WHAT IS BEING ASKED:
For this exercise, copy the data exactly and omit any images.

SUPPLIED DATA:
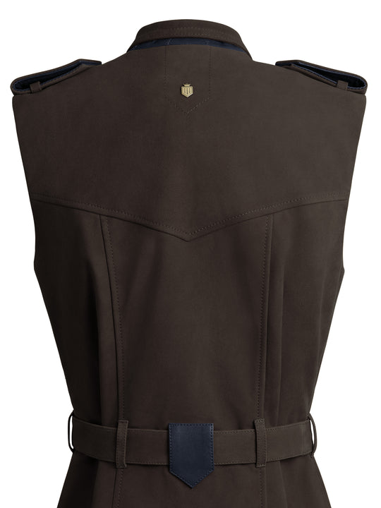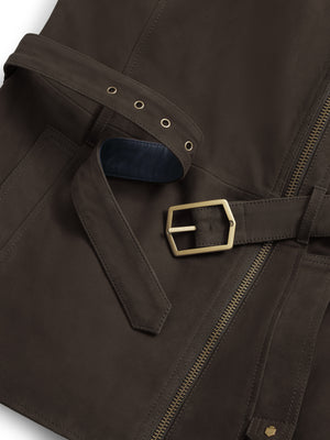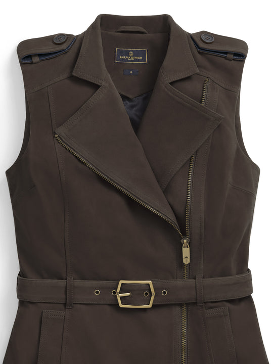 Swing into spring in sophisticated suede. Inspired by our instantly iconic Frances Trench, the Primrose’s allure is all down to the details: leather piping, subtle chevrons, buttoned epaulettes. It’s also incredibly flattering, with elegant feminine tailoring and a beautiful belt to give your waist head-turning definition. A guaranteed confidence-booster, it’s the perfect partner to light knitwear and crisp shirts, smart denim or a cute tweed skirt to elevate your rural vogue ensemble. Just add your favourite Fairfax & Favor boots and bag and you’re all set for spring meets and meet-ups.
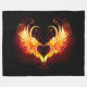 Engel Feuerherz mit flammenden Flügeln auf schwarzem Hintergrund.
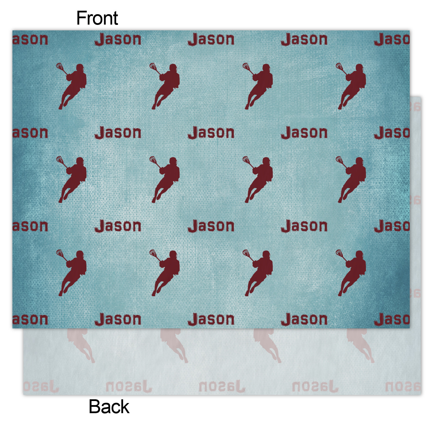 This design has a cool blue background with a literal splash of maroon. Your personalization goes above the lacrosse player silhouette. The movement in this design gives the perfect feeling for a sports design.

RESULT OF THIS TASK:
 Swing into spring in sophisticated suede. Inspired by our instantly iconic Frances Trench, the Primrose’s allure is all down to the details: leather piping, subtle chevrons, buttoned epaulettes. It’s also incredibly flattering, with elegant feminine tailoring and a beautiful belt to give your waist head-turning definition. A guaranteed confidence-booster, it’s the perfect partner to light knitwear and crisp shirts, smart denim or a cute tweed skirt to elevate your rural vogue ensemble. Just add your favourite Fairfax & Favor boots and bag and you’re all set for spring meets and meet-ups.
 Engel Feuerherz mit flammenden Flügeln auf schwarzem Hintergrund.
 This design has a cool blue background with a literal splash of maroon. Your personalization goes above the lacrosse player silhouette. The movement in this design gives the perfect feeling for a sports design.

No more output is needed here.